> **What you should do**
The response should consist of the data below, copied exactly, with no pictures in it.

> **Listed records**
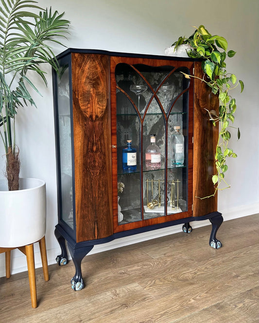 Vintage Art Deco Walnut Glazed Display Drinks Cabinet with Luxurious Velvet Interior - *MADE TO ORDER*
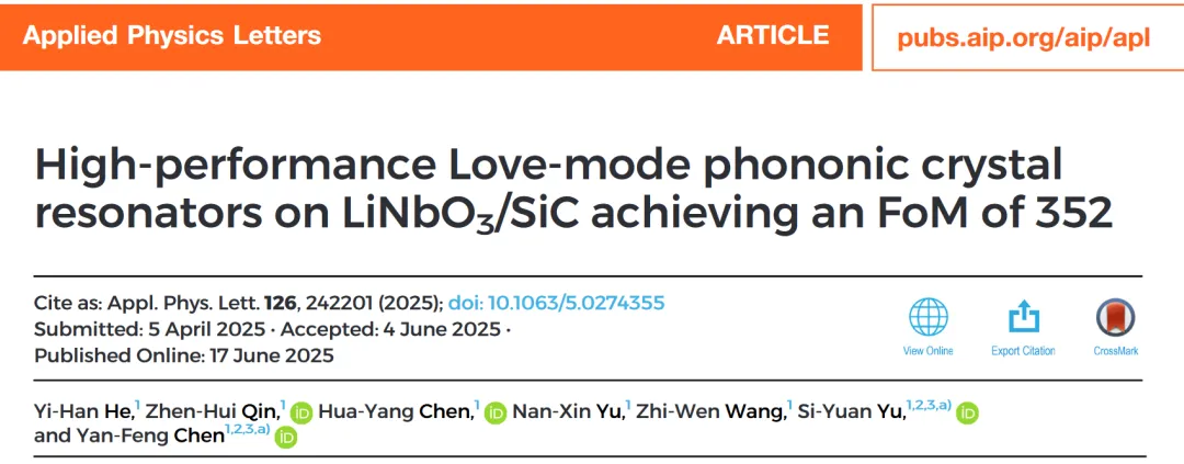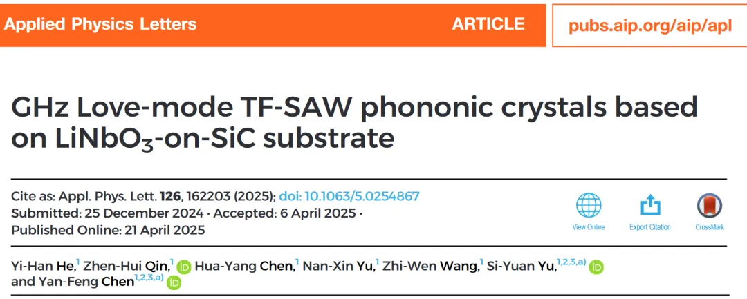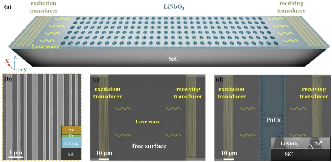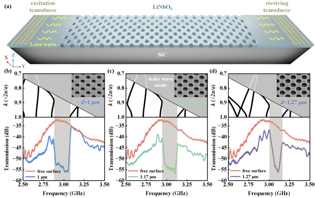 基于铌酸锂/碳化硅衬底的Love模式声子晶体有望扩展到复合或多层异质结构中,结合其它压电材料,例如AlN、ZnO、LiTaO₃等,以及不同衬底,如硅、蓝宝石和金刚石。这些结构能够提供更宽的带隙、优异的温度稳定性和增强的功率耐受性,使其成为下一代声学应用中的多功能候选材料。此外,基于TF-SAW的声子晶体在提高5G/6G通信系统中先进声学谐振器和滤波器的性能、改善微流控系统中微米级和纳米级颗粒的操控能力,以及增强声表面波与各种材料和物态之间的相互作用(例如斯格明子、NV色心和量子超导比特)方面,具有广阔的应用前景。
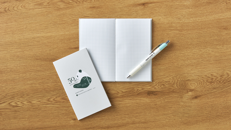 ノートの表紙には「ジャイアントパンダ来園50周年記念」のロゴ、裏面には上野動物園の5頭のパンダとWWFパンダロゴを配したデザインです。手帳を持ったままメモを取ることができる、ハードカバーで胸ポケットに入るサイズです。
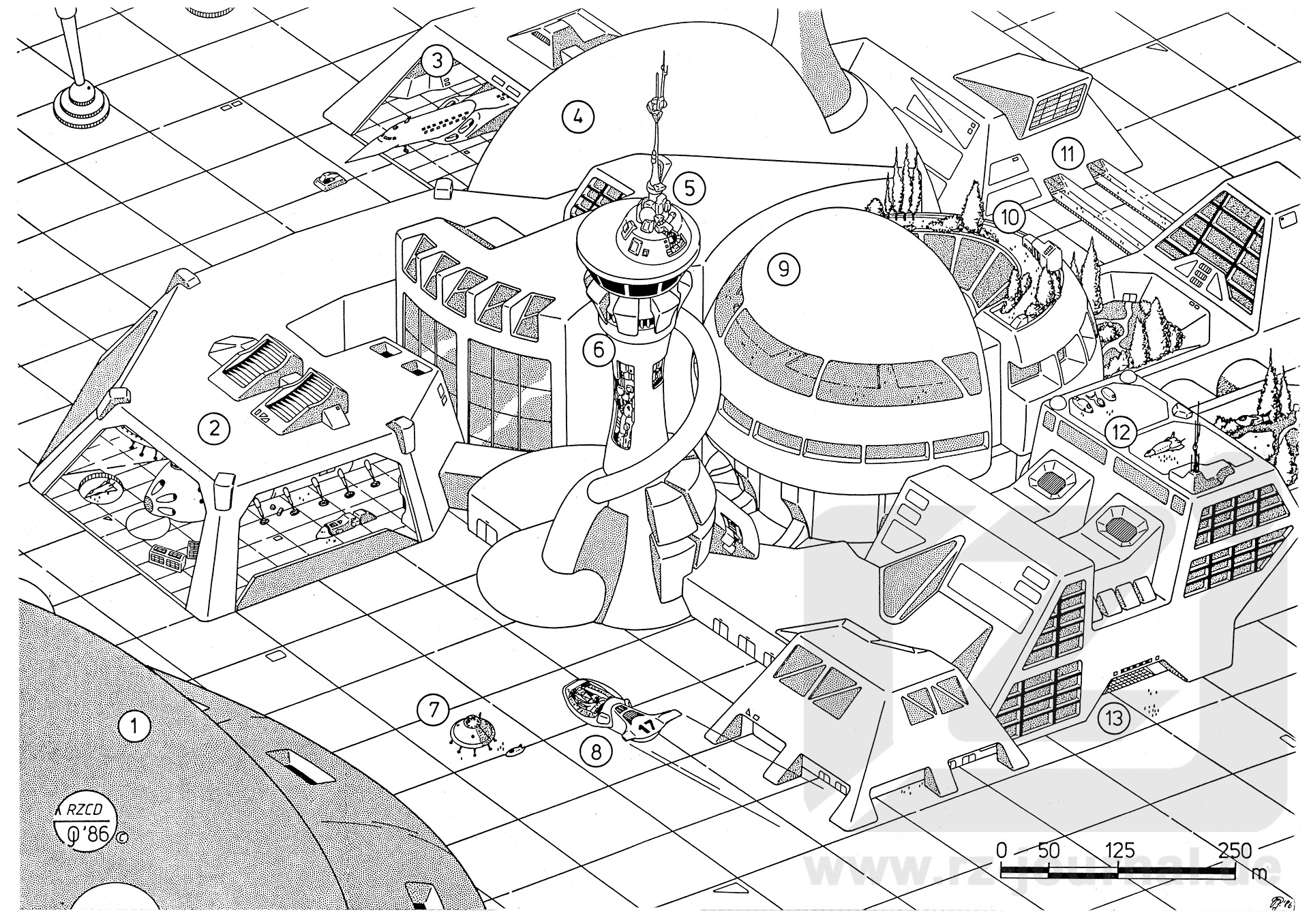 Das Gelände des Frankfurter Flughafens würde einem Terraner des Jahres 446 NGZ wohl nur ein müdes Lächeln abringen, denn Maßstäbe und Größenvorstellungen haben sich in den letzten tausend Jahren erheblich verändert, sind ins Gigantische gewachsen. Mit Hilfe modernster Transportmittel, vom Gleiter, über Schnellbahnen, bis hin zum Überlicht- schnellen Raumschiff, hat der Erdenbürger oder Ex- traterrestrier, wo immer er auch herkommen möge, die Möglichkeit große bis größte Strecken in rentabler Zeit zurückzulegen. Die Größe von Gebäuden und Einrichtungen der Öffentlichkeit oder deren Entfernung zueinander ist nicht mehr der maßgebende Faktor. Im Gegenteil, man liebt Komfort und Service, sowie Bequemlichkeit und Stil. Menschenmassen, die sich schwitzend und koffer- schleppend ihren Weg zum angesagten Gateway bahnen, sind hier nicht mehr bekannt, Warteschlangen durch Enrichtung und Organisation unmöglich gemacht. Die Lebensbedingungen fast sämtlicher galaktischer Völker sind für das Wohlbefinden ebenso vorhanden, wie für Otto Normalterraner, der seinen Urlaub auf irgendeinem Siedlerplaneten verbringen möchte, und der nun auf sein Schiff wartet. Selbstverständlich ist der hier gezeigte Teil des Raumhafenareals nur ein winziger Ausschnitt aus dem Gebäudegiganten TERRANIA-SPACEPORT. Allein Sektor Xll-B hat eine Grundfläche von 1,14 Quadratkilometern, d. h. 1.140.000 Quadratmetern, von den vielen Etagen ganz zu schweigen... |
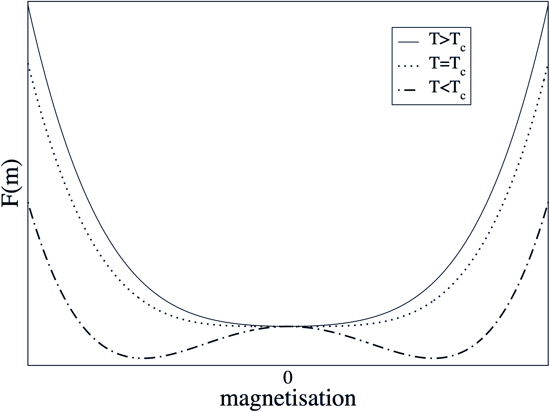 \[\frac{\partial^2 F}{\partial m^2}=0.\] At lower temperature, there are instead two minima at nonzero \(m=\pm m^\star\), where the equilibrium magnetisation \(m^\star\) is the positive root (calculated explicitly below) of

> **Completed task**
 Vintage Art Deco Walnut Glazed Display Drinks Cabinet with Luxurious Velvet Interior - *MADE TO ORDER*
 基于铌酸锂/碳化硅衬底的Love模式声子晶体有望扩展到复合或多层异质结构中,结合其它压电材料,例如AlN、ZnO、LiTaO₃等,以及不同衬底,如硅、蓝宝石和金刚石。这些结构能够提供更宽的带隙、优异的温度稳定性和增强的功率耐受性,使其成为下一代声学应用中的多功能候选材料。此外,基于TF-SAW的声子晶体在提高5G/6G通信系统中先进声学谐振器和滤波器的性能、改善微流控系统中微米级和纳米级颗粒的操控能力,以及增强声表面波与各种材料和物态之间的相互作用(例如斯格明子、NV色心和量子超导比特)方面,具有广阔的应用前景。
 ノートの表紙には「ジャイアントパンダ来園50周年記念」のロゴ、裏面には上野動物園の5頭のパンダとWWFパンダロゴを配したデザインです。手帳を持ったままメモを取ることができる、ハードカバーで胸ポケットに入るサイズです。
 Das Gelände des Frankfurter Flughafens würde einem Terraner des Jahres 446 NGZ wohl nur ein müdes Lächeln abringen, denn Maßstäbe und Größenvorstellungen haben sich in den letzten tausend Jahren erheblich verändert, sind ins Gigantische gewachsen. Mit Hilfe modernster Transportmittel, vom Gleiter, über Schnellbahnen, bis hin zum Überlicht- schnellen Raumschiff, hat der Erdenbürger oder Ex- traterrestrier, wo immer er auch herkommen möge, die Möglichkeit große bis größte Strecken in rentabler Zeit zurückzulegen. Die Größe von Gebäuden und Einrichtungen der Öffentlichkeit oder deren Entfernung zueinander ist nicht mehr der maßgebende Faktor. Im Gegenteil, man liebt Komfort und Service, sowie Bequemlichkeit und Stil. Menschenmassen, die sich schwitzend und koffer- schleppend ihren Weg zum angesagten Gateway bahnen, sind hier nicht mehr bekannt, Warteschlangen durch Enrichtung und Organisation unmöglich gemacht. Die Lebensbedingungen fast sämtlicher galaktischer Völker sind für das Wohlbefinden ebenso vorhanden, wie für Otto Normalterraner, der seinen Urlaub auf irgendeinem Siedlerplaneten verbringen möchte, und der nun auf sein Schiff wartet. Selbstverständlich ist der hier gezeigte Teil des Raumhafenareals nur ein winziger Ausschnitt aus dem Gebäudegiganten TERRANIA-SPACEPORT. Allein Sektor Xll-B hat eine Grundfläche von 1,14 Quadratkilometern, d. h. 1.140.000 Quadratmetern, von den vielen Etagen ganz zu schweigen... |
 \[\frac{\partial^2 F}{\partial m^2}=0.\] At lower temperature, there are instead two minima at nonzero \(m=\pm m^\star\), where the equilibrium magnetisation \(m^\star\) is the positive root (calculated explicitly below) of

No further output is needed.